Research output: Contribution to journalArticle

90 Citations (Scopus)

Abstract

Background: Available prospectively acquired data on the distribution of oesophageal motor abnormalities in patients being evaluated for non-cardiac chest pain and/or dysphagia are relatively scarce. Aim: To evaluate the distribution of oesophageal motor abnormalities in patients with dysphagia, non-cardiac chest pain or both using the national Clinical Outcomes Research Initiative (CORI) database. Methods: The CORI oesophageal motility database originates from 19 community, university and VA medical centres. Data were collected using a computerized motility report-generating program, combined with the CORI module. Data from each site were encrypted and sent to the CORI National Repository for analysis. The database includes the assessment of the lower and upper oesophageal sphincter function and the motor activity of the oesophageal body. Results: Five hundred and eighty-seven consecutive patients who underwent motility studies between 1998 and 2001 were included in the CORI database and analysed for this report.
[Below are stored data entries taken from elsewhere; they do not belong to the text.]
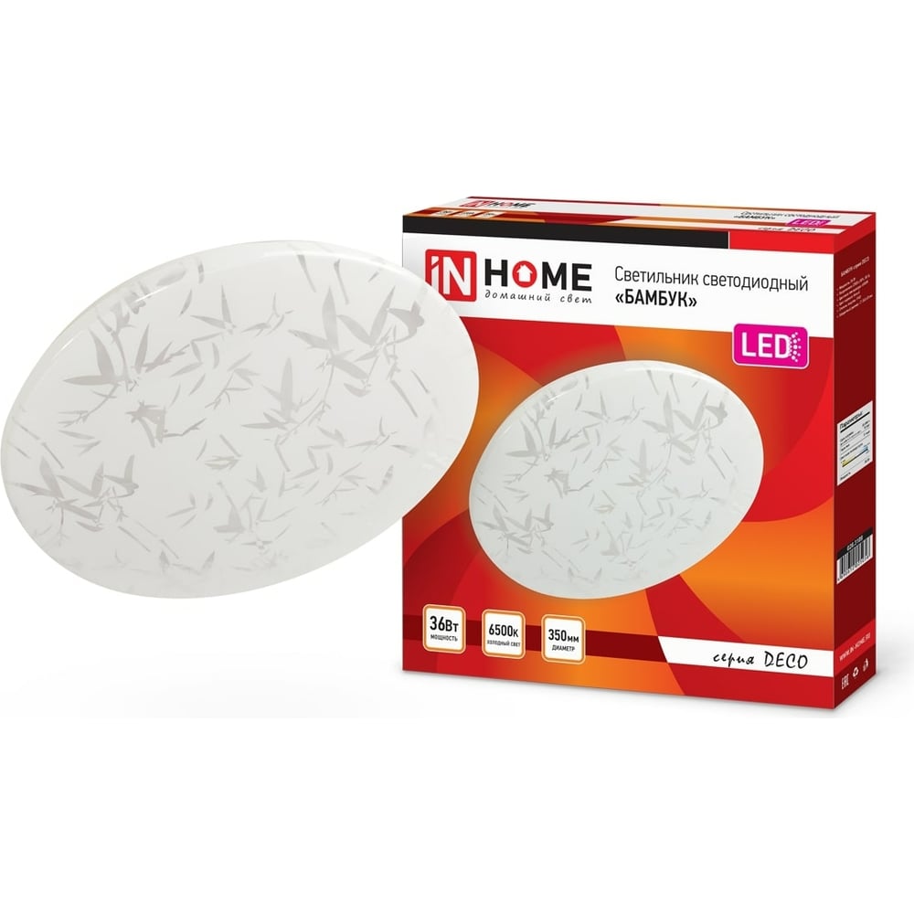 Светодиодный светильник IN HOME серии DECO 36Вт 230В 6500К 2340лм 350мм БАМБУК 4690612025056
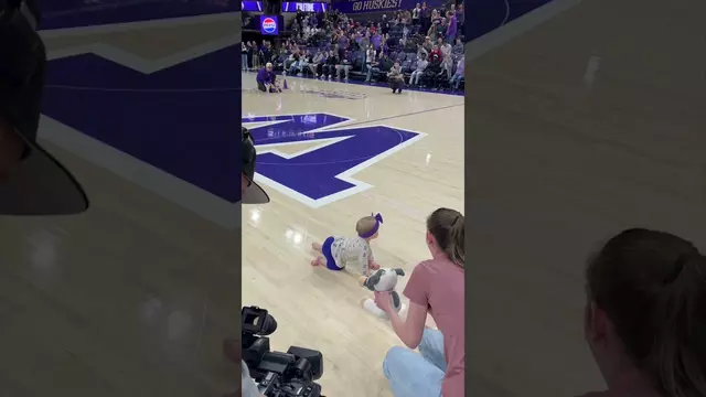 That was a close one! 😮💨 #gohuskies #basketball #adorable #babyrace #halftimeshow #aww
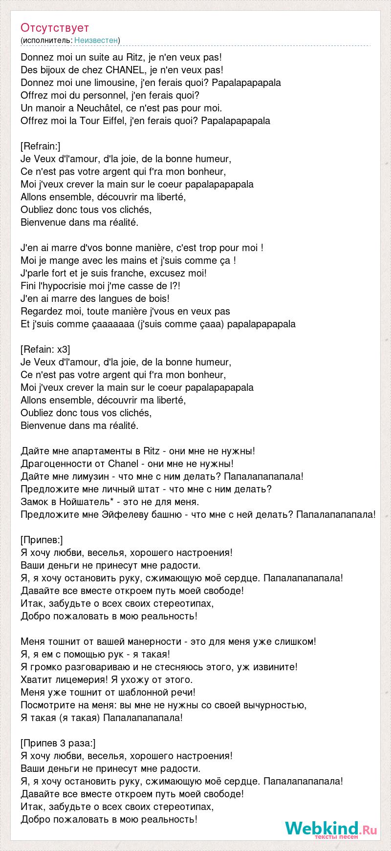 Donnez moi un suite au Ritz, je n'en veux pas! Des bijoux de chez CHANEL, je n'en veux pas! Donnez moi une limousine, j'en ferais quoi? Papalapapapala Offrez moi du personnel, j'en ferais quoi? Un manoir a Neuchâtel, ce n'est pas pour moi. Offrez moi la Tour Eiffel, j'en ferais quoi? Papalapapapala [Refrain:] Je Veux d'l'amour, d'la joie, de la bonne humeur, Ce n'est pas votre argent qui f'ra mon bonheur, Moi j'veux crever la main sur le coeur papalapapapala Allons ensemble, découvrir ma liberté, Oubliez donc tous vos clichés, Bienvenue dans ma réalité. J'en ai marre d'vos bonne manière, c'est trop pour moi ! Moi je mange avec les mains et [bad word] ça ! J'parle fort et je suis franche, excusez moi! Fini l'hypocrisie moi j'me casse de l?! J'en ai marre des langues de bois! Regardez moi, toute manière j'vous en veux pas Et [bad word] çaaaaaaa [bad word] çaaa) papalapapapala [Refain: x3] Je Veux d'l'amour, d'la joie, de la bonne humeur, Ce n'est pas votre argent qui f'ra mon bonheur, Moi j'veux crever la main sur le coeur papalapapapala Allons ensemble, découvrir ma liberté, Oubliez donc tous vos clichés, Bienvenue dans ma réalité. Дайте мне апартаменты в Ritz - они мне не нужны! Драгоценности от Chanel - они мне не нужны! Дайте мне лимузин - что мне с ним делать? Папалапапапала! Предложите мне личный штат - что мне с ним делать? Замок в Нойшатель* - это не для меня. Предложите мне Эйфелеву башню - что мне с ней делать? Папалапапапала! [Припев:] Я хочу любви, веселья, хорошего настроения! Ваши деньги не принесут мне радости. Я, я хочу остановить руку, сжимающую моё сердце. Папалапапапала! Давайте все вместе откроем путь моей свободе! Итак, забудьте о всех своих стереотипах, Добро пожаловать в мою реальность! Меня тошнит от вашей манерности - это для меня уже слишком! Я, я ем с помощью рук - я такая! Я громко разговариваю и не стесняюсь этого, уж извините! Хватит лицемерия! Я ухожу от этого. Меня уже тошнит от шаблонной речи! Посмотрите на меня: вы мне не нужны со своей вычурностью, Я такая (я такая) Папалапапапала! [Припев 3 раза:] Я хочу любви, веселья, хорошего настроения! Ваши деньги не принесут мне радости. Я, я хочу остановить руку, сжимающую моё сердце. Папалапапапала! Давайте все вместе откроем путь моей свободе! Итак, забудьте о всех своих стереотипах, Добро пожаловать в мою реальность!
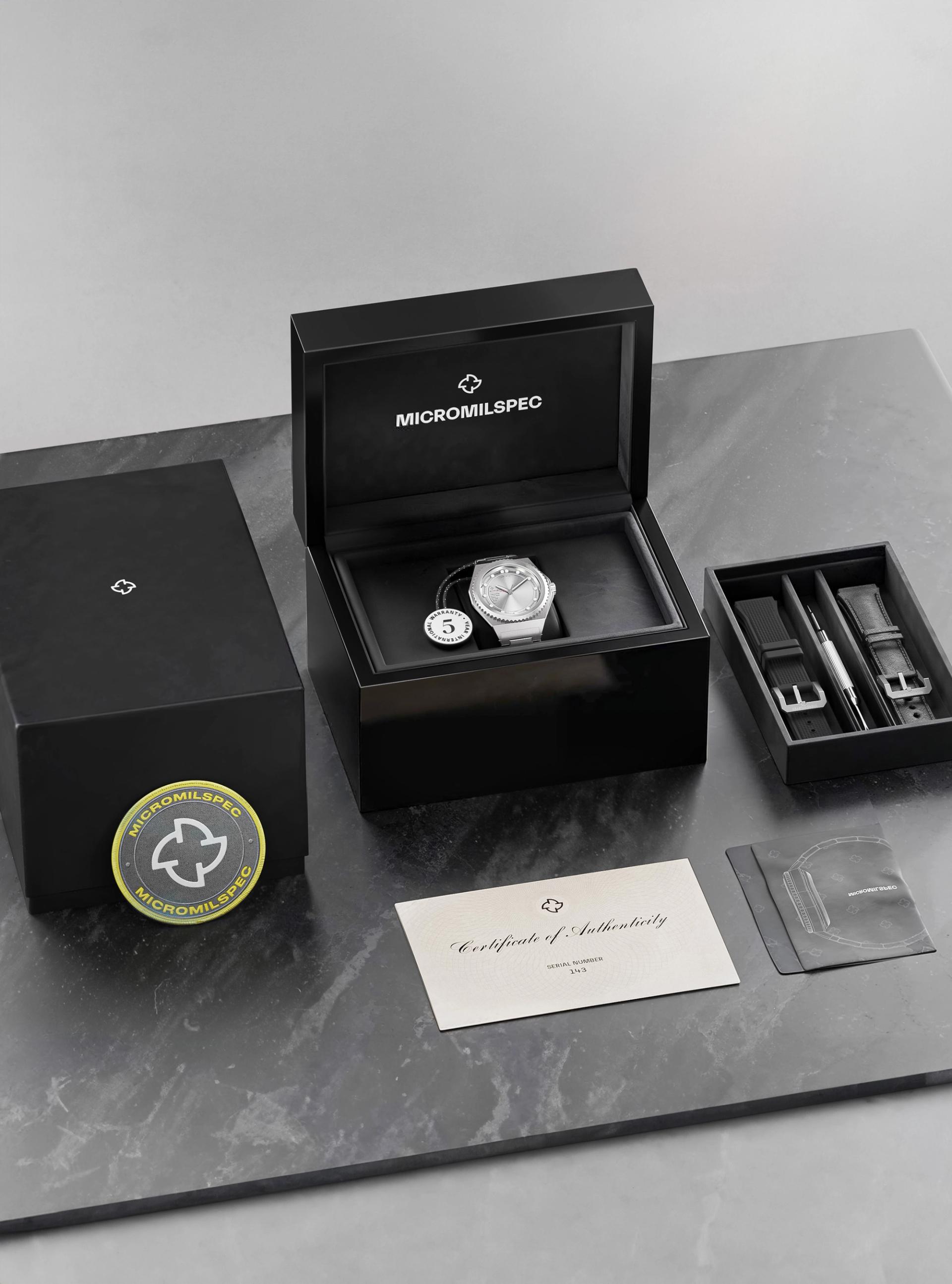 Limited to 25 pieces in this year's Annual Collection: In 2019, MICROMILSPEC launched a test program by distributing 30 timepieces to military personnel within the Norwegian Armed Forces. The goal: to rigorously test the watches in the field and report back on performance and accuracy. These watches were purposefully designed and stripped of all decorations from the bezel, crown, and caseback. A deliberate choice allowing users to easily trace and document their watch’s lifelines.

Four hundred and three patients (69%) had dysphagia as their primary indicator for the examination, 140 patients (24%) had non-cardiac chest pain and 44 patients (7%) had both dysphagia and non-cardiac chest pain. In all three groups, a normal motility study was the most frequent finding (dysphagia, 53%; chest pain, 70%; both, 55%). The most common motility abnormality in the group with non-cardiac chest pain was a hypotensive lower oesophageal sphincter (61%). Nutcracker oesophagus and non-specific oesophageal motility disorders were each diagnosed in only 10% of patients with non-cardiac chest pain. In patients with dysphagia, ineffective peristalsis was the most common oesophageal dysmotility (27%), followed by achalasia and non-specific oesophageal motility disorders (18% and 14%, respectively). Achalasia and non-specific oesophageal motility disorders were the most common oesophageal motility abnormalities in patients with both chest pain and dysphagia (35% and 25%, respectively). Conclusions: The most common oesophageal motility abnormality in patients with non-cardiac chest pain is a hypotensive lower oesophageal sphincter; nutcracker oesophagus and non-specific oesophageal motility disorders are relatively uncommon; the most common oesophageal motility abnormality in patients with dysphagia is ineffective peristalsis and, for those with both dysphagia and non-cardiac chest pain, it is achalasia.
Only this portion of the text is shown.